I added a SolverEventListener to the Solver, and it is only called once at the very end of the solving.
I thought maybe there was a problem with cloning of the Solution, so I created my own SolutionCloner. It is called once at the beginning, and twice at the end. Since it is called so infrequently, I suspect the solver uses the first Solution clone as the best score, tries to copy the values from the current Solution iteration to the best Solution, but given that the SolverEventListener is only called once, that may indicate that it is not recognizing the best solution.
I tried simplifying to a HardSoftScore by combining Hard and Medium values, but the behavior is the same.
I tried calling solverConfig.setEnvironmentMode(EnvironmentMode.NON_INTRUSIVE_FULL_ASSERT); (yes, I'm programatically creating the SolverConfig, but the behavior does not change.
Relevant Code Snippets
Subset of the CrewAssignment #PlanningEntity:
#PlanningEntity
public final class CrewAssignment
{
private Long crewMemberId;
#PlanningVariable(valueRangeProviderRefs = {"crewMemberId"})
public Long getCrewMemberId() { return crewMemberId; }
public void setCrewMemberId(Long value) { crewMemberId = value; }
#Override
protected CrewAssignment clone()
{
CrewAssignment newAssignment = new CrewAssignment(getActivities());
newAssignment.setCrewMemberId(crewMemberId);
return newAssignment;
}
}
Subset of the Solution:
#PlanningSolution(solutionCloner = CrewSchedSolutionCloner.class)
public final class CrewSchedSolution
{
private final List<Long> crewMemberIds;
#ValueRangeProvider(id="crewMemberId")
#ProblemFactCollectionProperty
public List<Long> getCrewMemberIds() { return crewMemberIds; }
// assignments
private List<CrewAssignment> crewAssignments = new ArrayList<>();
#PlanningEntityCollectionProperty
public List<CrewAssignment> getCrewAssignments() { return crewAssignments; }
HardSoftScore score;
#PlanningScore
public HardSoftScore getScore() { return score; }
public void setScore(HardSoftScore value) { score = value; }
public CrewSchedSolution cloneSolution()
{
List<CrewAssignment> newCrewAssignments = new ArrayList<>(crewAssignments);
for (int i = 0; i < newCrewAssignments.size(); i++)
{
CrewAssignment existingAssignment = newCrewAssignments.get(i);
CrewAssignment newAssignment = existingAssignment.clone();
newCrewAssignments.set(i, newAssignment);
}
return new CrewSchedSolution(/* Various additional data */,
crewMemberIds,
newCrewAssignments, score);
}
}
The SolutionCloner:
public final class CrewSchedSolutionCloner
implements SolutionCloner<CrewSchedSolution>
{
#Override
public CrewSchedSolution cloneSolution(CrewSchedSolution originalSolution)
{
return originalSolution.cloneSolution();
}
}
Summary
I have run out of obvious (to me) ways to debug this further. It kind of feels like the good values are getting written over, but I can't prove that yet. I might be able to come up with a way of saving the values set in the CrewAssignment #PlanningEntity just to get it to work, but it seems like that is something OptaPlanner was designed to be able to handle.
The problem is too large to post a SSCCE. I have posted what I think might be relevant. Let me know if there is any other part of the code you would need to see. Thanks in advance!
P.S. I realize this may be a duplicate of OptaPlanner return the best score but not its associated solution, but the original poster never followed up with the posted answer.

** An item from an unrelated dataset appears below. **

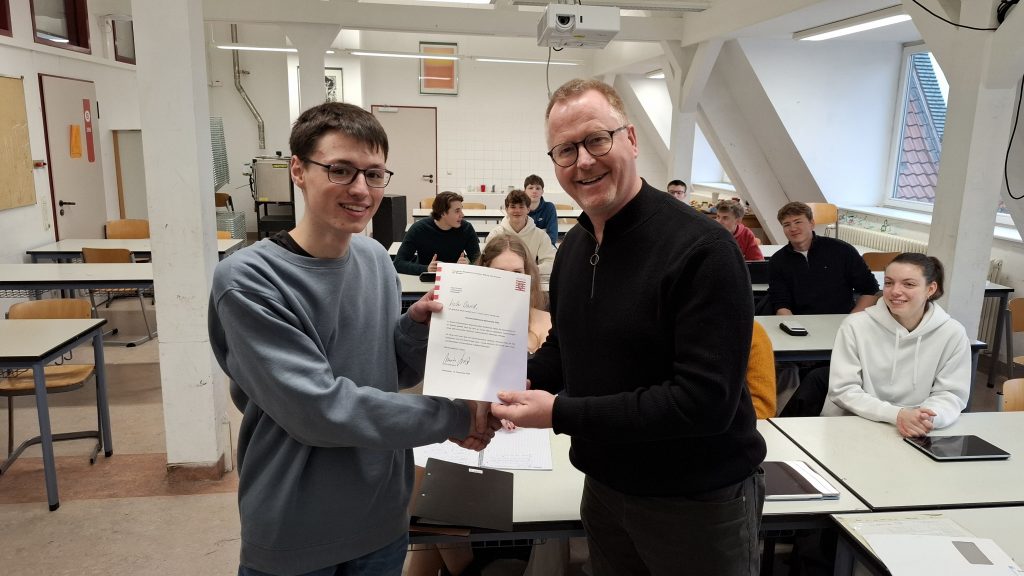 Wir gratulieren David Koufen, Q1, zu seinem großartigen Erfolg beim Bundeswettbewerb Mathematik! David hat es geschafft, die zweite Runde des Wettbewerbs zu gewinnen und sich damit für das abschließende Kolloquium im Februar 2026 qualifiziert.

if I increased the time available, the score would sometimes get worse! That is impossible (if it gets more steps in the second run, which it should, and it is a reproducible run, which it is).
Does the DEBUG log show it's running more "LS step" lines? If it does, you might have score corruption, but NON_INTRUSIVE_FULL_ASSERT or FULL_ASSERT would detect that if they run long enough (much longer than without because they are slower).
Normally, optaplanner runs are 100% reproducible, given the same amount of steps (~ same amount of time give or take a few steps). Check your DEBUG log if that's the case. Simulated Annealing isn't reproducible, but that's off by default.
OptaPlanner Benchmark is your best friend. Especially the BEST_SCORE graph and the score calculation speed number. Run it 4 times longer, so you can see how the BEST_SCORE graph behaves if given more time. Also, subSingleCount might be an interesting thing to turn on here, to see how sensitive the optimization is to a good random seed (it shouldn't be).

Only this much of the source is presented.